2017’deki ikinci önemli gelişme İdlib’de Heyet Tahrir el Şam (HTŞ) örgütü, rakibi Ahrar el Şam’ı alt etmesi ve eyalette egemenliğini kurması olmuştur. Tüm muhaliflerin garantörlüğünü üstlenen TC bu şekilde hiç istemediği halde El Kaide tedrisatlı Cihatçıların destekçisi görülmesine neden olmuştur. Bir de bunun üzerine Türkiye’ye eksen kayması ithamları gelmeye başlamıştır. Cumhurbaşkanı Erdoğan 2018 yılı içinde Putin ile 7’si baş başa, 18’i de telefonla olmak üzere, 25 defa görüşmüş, ayrıca 6 zirvede de bir araya gelmiştir. Ancak, öte yandan 2018’de Helsinki’de Putin’le yaptığı zirve toplantısında ABD’nin Rusya ile Suriye’de uyum içinde olduğunu, hatta “askerlerin, Suriye ve başka yerlerde siyasilerden daha sıkı işbirliği yaptıklarını”ilan etmişlerdir. Bunun anlamı şu? Hem RF hem de ABD aralarında yaptıkları mutabakatla ASTANA sürecini parçalamışlar, çoğunu bir stüdyo projesi olarak kendi kurdukları illegal örgütlere yönelmişlerdir. Öte yandan, ABD’nin İsrail Hava kuvvetlerini yoğun bir şekilde kullanarak İran’ın bölgedeki varlığını diğer bir deyişle Pastaranları, Hizbullah’ı, Haşdi Şaabi’yi hedef almasını sağlamıştır. Bu yolun açılması İsrail ile RF arasındaki “Lieberman Anlaşması” sayesinde olmuştur. Nedir bu Lieberman Antlaşması? 2018 yılında, o zaman Savunma Bakanı esasen eski bir Sovyetler Birliği yurttaşı olan, Rusçayı çok iyi bilen bir Eşkanizi Yahudisi Avigdor Lieberman İsrail Hava Kuvvetlerinin Suriye Hava Sahasında serbest uçma hakkı veren bu anlaşmayı RF ile yapmıştır. Türk Hava Kuvvetlerine yasak olan Suriye Hava sahası İsrail uçaklarına fütursuz bir şekilde açılmıştır. Öte yandan kimin eli kimin cebinde yaklaşımını bütünüyle hıfz eden ABD’de de, bu belirsizlik ortamında bölgedeki Kürt varlığını İsrail yararına olacak şekilde dizayna yeltenmiştir. Diğer bir deyişle CIA-MOSSAD ortaklığı Suriye PeKaKa’sını yani PYD / YPG bir stüdyo projesi olarak Suriye Demokratik Güçleri biçimiyle bir vekil güç yaratmışlardır. Bütün bu yapılanlar Türkiye’deki akl-i selim’i temsil eden devlet aklının hedef alındığı, bir komplodur. Türk milletinin sağduyusuna yöneltilen bir akıl tutulmasıdır.

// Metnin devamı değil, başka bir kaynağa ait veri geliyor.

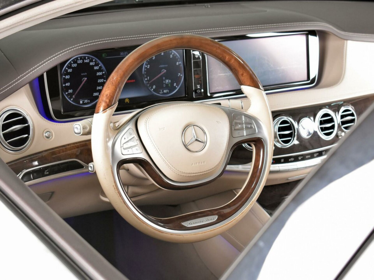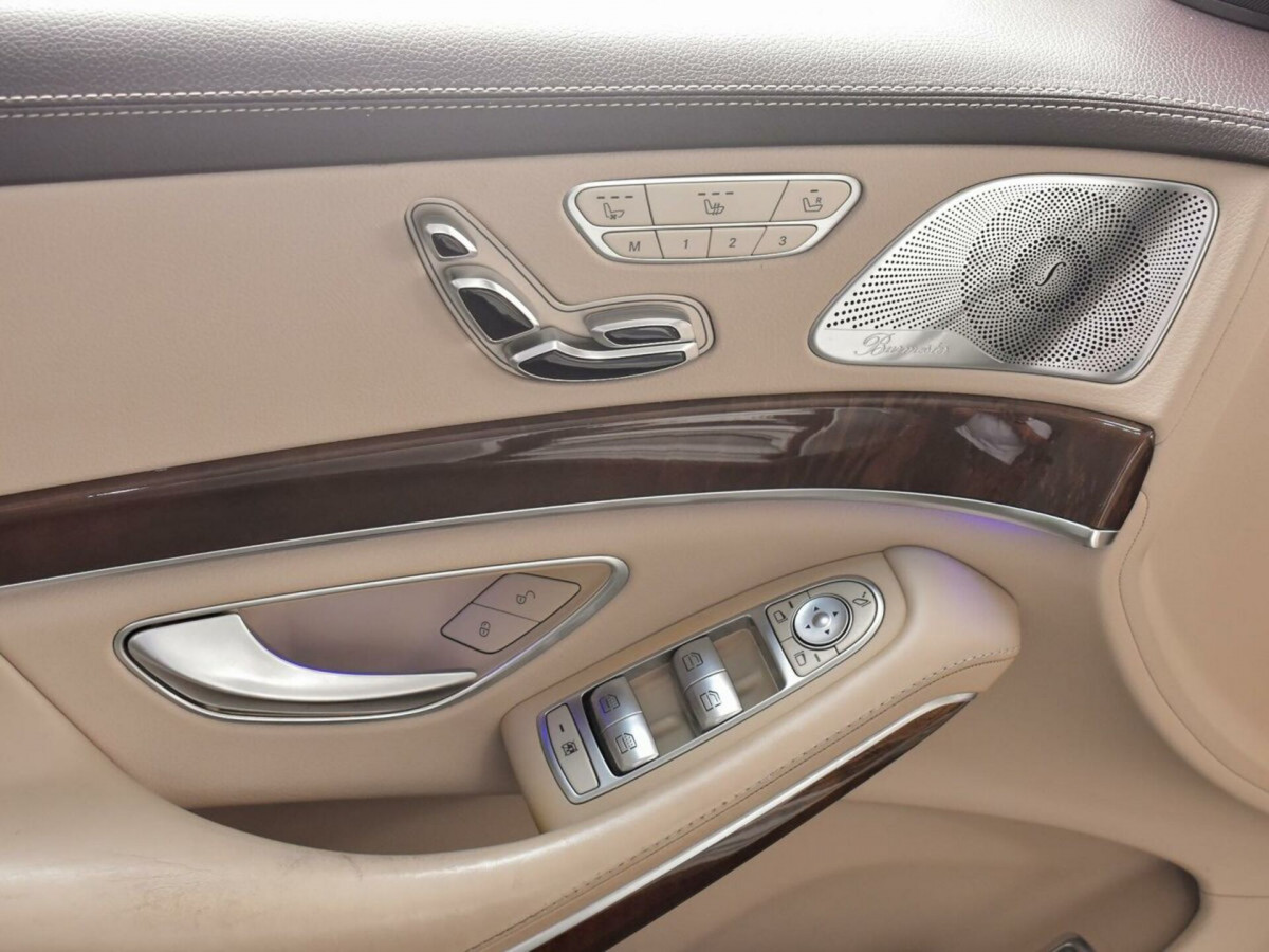 В продаже автомобиль серый Mercedes-Benz S-Класс 2014 года выпуска, с автоматическая коробкой переключения передач и полный приводом. Состояние автомобиля, по оценке сервиса Carwise, - отличное: без дефектов по кузову. Ходовая часть не требует вмешательств. Салон ухожен - не прокуренный. По электрической части все исправно работает. Не участвовал в ДТП. Во владении был у одного хозяина, два комплекта ключей. Имеется полный комплект документов (оригинал).

Ruslar, çocukluktan itibaren Rus atasözleriyle büyümüş, akıl dünyaları bunlara göre biçimlenmiştir. “Kurttan korkuyorsan ormana gitmeyeceksin.”(Волков бояться в лес не ходить.)derler, ormanın zalim ayısına karşı “yalnız kurt”un tek başına meydan okumasına. Aslına bakarsanız, burada aslolan “yalnız kurt”un korkusuz cesaretidir. Buna biz de bir Türk atasözüyle şöyle cevap verelim:“Ayıyı ateşe atmışlar, yavrusunu ayağının altına almış.” Duygudan ve insanlıktan nasibini almayanlar, kendilerini kurtarmak için gerekiyorsa çocuklarını bile tehlikeye atmaktan çekinmezler. Onlar için aslolan sadece ve sadece kendileridir.
İşte bütün bunlardan sonra söylemem odur ki, Moskova mutabakatı, iki ekonomik partner arasında lider diplomasisinin olumlu bir sonucu olmuştur, ama söylediklerimi, irdelediklerimi de gözlerden uzak tutmayalım, derim, sevgili okurlar.